U.S. Treasury launches initiatives to boost housing supply

The Biden administration, through the U.S. Department of the Treasury, announced the launch of multiple initiatives on Monday to increase funding sources for housing production. The announcement comes as high mortgage rates and a lack of supply have created affordability challenges.

In a speech in Minneapolis, Treasury Secretary Janet Yellen will announce the new funding sources for housing production. She will also urge further action by states and Congress, including the passage of bipartisan legislation to expand the Low-Income Housing Tax Credit (LIHTC) program. The Biden administration estimates that the bill would collectively build and preserve over 2 million homes.

“There will not be a quick fix to the long-term rise in housing costs. But the Federal and state and local governments play an important role in ensuring that all Americans have affordable and safe homes,” the Treasury wrote in a blog post. “The actions taken now are an important start, and the Administration is prioritizing laying the groundwork for larger legislative action when Congress is ready to act.”

The Treasury is allocating $100 million by 2027 to finance affordable housing in a new program administered by the Community Development Financial Institutions (CDFI) Fund. The resources are the return from investments made by the fund during the COVID-19 pandemic to help community lenders support small businesses, consumers and affordable housing projects. 

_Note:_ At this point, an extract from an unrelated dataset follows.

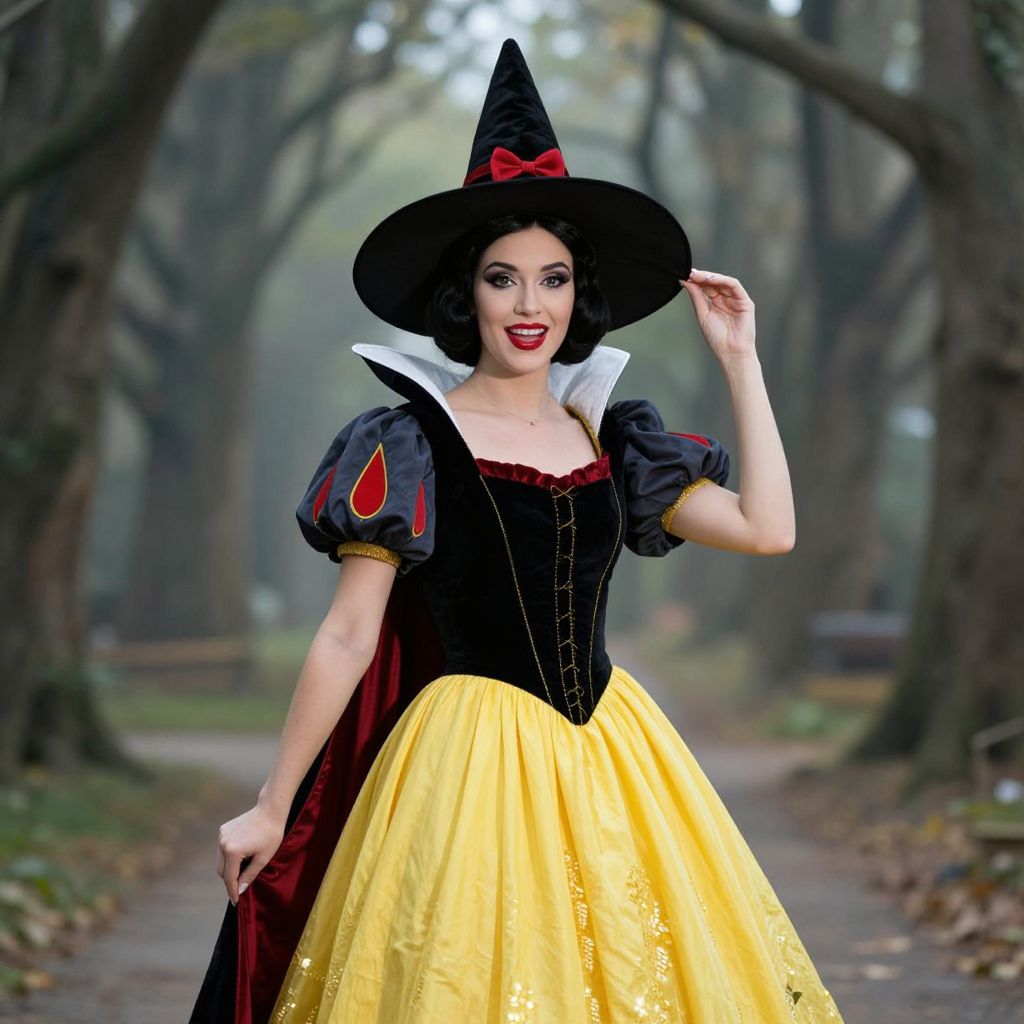 Snow White Wicked Witch Costume, woman wearing a black and yellow dress and a large hat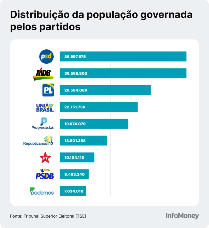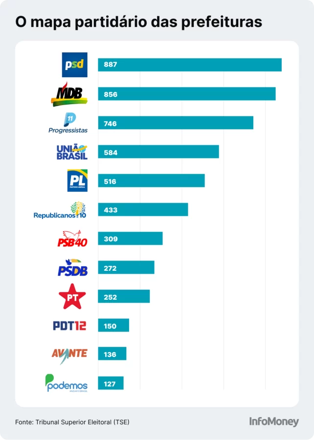 Apesar do crescimento de 8% do MDB, que passou a controlar 856 prefeituras, o PSD superou pela primeira vez o partido em capilaridade, algo que não ocorria há pelo menos 20 anos. Em terceiro lugar, o Progressistas, partido do presidente da Câmara dos Deputados, Arthur Lira (PP-AL), aumentou sua presença de 690 para 746 municípios.

Another initiative includes providing greater interest rate predictability to state and local housing finance agencies that borrow from the Federal Financing Bank (FFB) to support new housing development. If implemented, the initiative would lead to thousands of additional housing units in the coming years, Treasury said.

The Treasury also calls on the 11 Federal Home Loan Banks (FHLBs) to increase their support for housing programs that are focused on new construction to 20% of their net income. By law, they are required to devote at least 10%. Voluntarily, the FHLBs have already increased their commitment to 15%.

According to the Treasury estimates, if the 20% level “had been in place over the past five years, the FHLBs would have contributed nearly $2 billion more to housing programs than was required by law.” 

Yellen’s announcement includes a new “how-to guide” for state and local governments using Treasury recovery funds to construct housing, as well as an update to the Capital Magnet Fund that allows flexibility to CDFIs and nonprofits that finance affordable housing.